Personal information
- Born: August 28, 1977 (age 48) Kavadarci, SR Macedonia, SFR Yugoslavia
- Nationality: Macedonian
- Listed height: 6 ft 10.75 in (2.10 m)
- Listed weight: 250 lb (113 kg)

Career information
- NBA draft: 1999: undrafted
- Playing career: 1993–2015
- Position: Center / power forward

Career history
- 1993–1999: Tikvesh
- 1999–2000: Nikol Fert
- 2001: MZT Skopje
- 2001–2002: Nikol Fert
- 2002–2003: Air Avellino
- 2003: BBV Hagen
- 2004: Rabotnički
- 2004–2009: Zadar
- 2009–2011: PAOK
- 2011–2014: MZT Skopje
- 2014–2015: Rabotnički

Career highlights
- All-EuroCup First Team (2009); Macedonian First League MVP (2012); 5× Macedonian League champion (2000, 2004, 2012–2014); 2× Croatian League champion (2005, 2008); 6× Macedonian Cup winner (2000, 2004, 2012–2015); 3× Croatian Cup winner (2005–2007); 2× Macedonian League MVP (2004, 2012); 4× Macedonian Cup MVP (2002, 2004, 2012, 2014); Most rebounds in Adriatic League of all time (1314); Highest index points in Adriatic League of all time (3212); Most games played (89) for the Macedonia national team;

= Todor Gečevski =

Macedonian basketball player (born 1977)

Todor Gečevski (Тодор Гечевски; born 28 August 1977) is a Macedonian former professional basketball player. Standing at a height of , he played at the center and power forward positions.

==Professional career==
While playing with KK Zadar, Gečevski was named to the All-EuroCup First Team in the 2008–09 season, being named the league's best center.

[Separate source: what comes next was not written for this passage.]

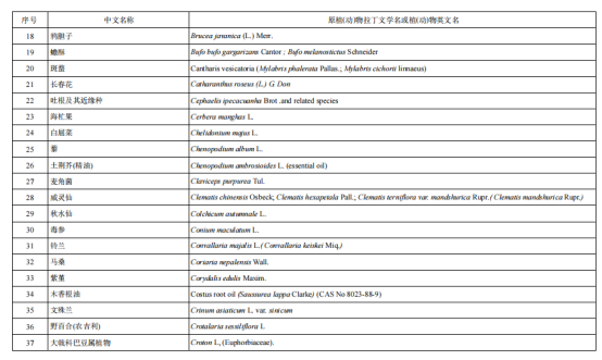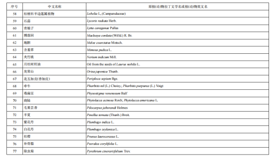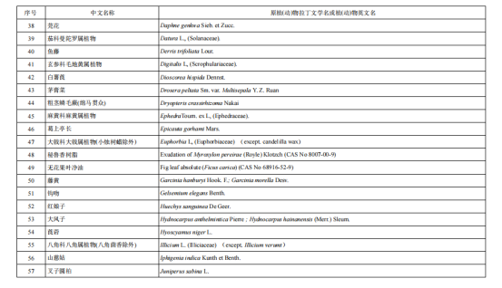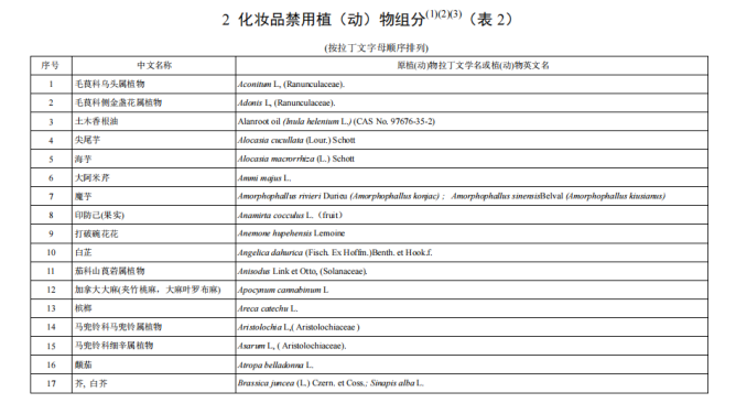 從上述原料要求中,并沒有明確哪類植物提取物是不可以加入到抗(抑)菌制劑原料中的,但要求中明確了列入現(xiàn)行有效的《化妝品安全技術(shù)規(guī)范》(碘除外)的禁用物質(zhì)不能用于抗(抑)菌制劑的原料,而《化妝品安全技術(shù)規(guī)范》中有明確的《化妝品禁用植(動(dòng))物組分》表,而列于該表中的植物成分就不可以用到抗(抑)菌制劑的原料中,現(xiàn)將組分表分享如下:

He then signed with PAOK in Greece, and played there from 2009 to 2011. In 2011, he returned to Macedonia, and signed with MZT Skopje Aerodrom. In 2014, he joined Rabotnički.

==Macedonian national team==
Gečevski was one of the most influential players of the Macedonia national basketball team in the past decade. He played at the 1995 FIBA Europe Under-16 Championship with Macedonia's junior national team. As a member of the senior Macedonian national team, he played at the EuroBasket 1999 and the EuroBasket 2009. He was considered a leader of the team at the EuroBasket 2011 in Lithuania, where he was crucial in the victories of the Macedonian national team against Croatia (78–76) and Greece (72–58), in the group stage. Despite carrying multiple injuries throughout the tournament, he participated until breaking both hands against Georgia. After that incident, he still wanted to play, even with fractures, which was an inspiration for his teammates, in their historic run to the semi-finals.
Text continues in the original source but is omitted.